Disclaimer: These are my personal notes on this paper. I am in no way related to this paper. All credits go towards the authors.

Xception: Deep Learning with Depthwise Separable Convolutions

April 4, 2017 - Paper Link - Tags: CNN

Summary

Convolutional Neural Network (CNN) architecture that outperforms Inception V3 using fewer parameters. There is a Keras implementation

Notes

Inspired by the Inception architecture. Xception has fewer parameters and generally performs better.
The Inception hypothesis:

"A convolution layer attempts to learn filters in a 3D space, with 2 spatial dimensions (width and height) and a channel dimension; thus a single convolution kernel is tasked with simultaneously mapping cross-channel correlations and spatial correlations."
"the typical Inception module first looks at crosschannel correlations via a set of 1x1 convolutions, mapping the input data into 3 or 4 separate spaces that are smaller than the original input space, and then maps all correlations in these smaller 3D spaces, via regular 3x3 or 5x5 convolutions."
"the fundamental hypothesis behind Inception is that cross-channel correlations and spatial correlations are sufficiently decoupled that it is preferable not to map them jointly."
Figures 1-4 show Inception modules in different formulations
Depthwise separable convolutions are depthwise. Inception performs a depthwise convolution (spatial convolution) on each channel followed by a pointwise convolution (projecting the channels output by the depthwise convolution onto a new channel space)

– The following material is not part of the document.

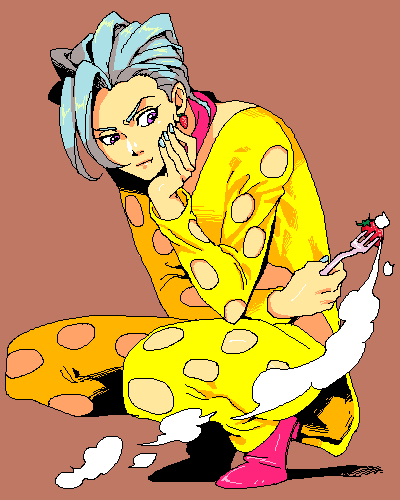 1boy blue_hair commentary_request earrings food food-themed_earrings food_themed_earrings fork fruit full_body head_rest holding holding_fork jacket jewelry jojo_no_kimyou_na_bouken lowres male_focus nedayashi pannacotta_fugo pants pink_shoes purple_eyes shoes solo squatting strawberry strawberry_earrings vento_aureo yellow_jacket yellow_pants

Xception decouples the cross-channel correlations and spatial correlations from the Inception model.
Figure 5 shows the Xception architecture (Top-Down view).
Xception outperforms Inception V3 on image classification tasks, despite not being optimally trained using hyper-parameter tuning.

Citation: Chollet, François. "Xception: Deep learning with depthwise separable convolutions." Proceedings of the IEEE conference on computer vision and pattern recognition. 2017.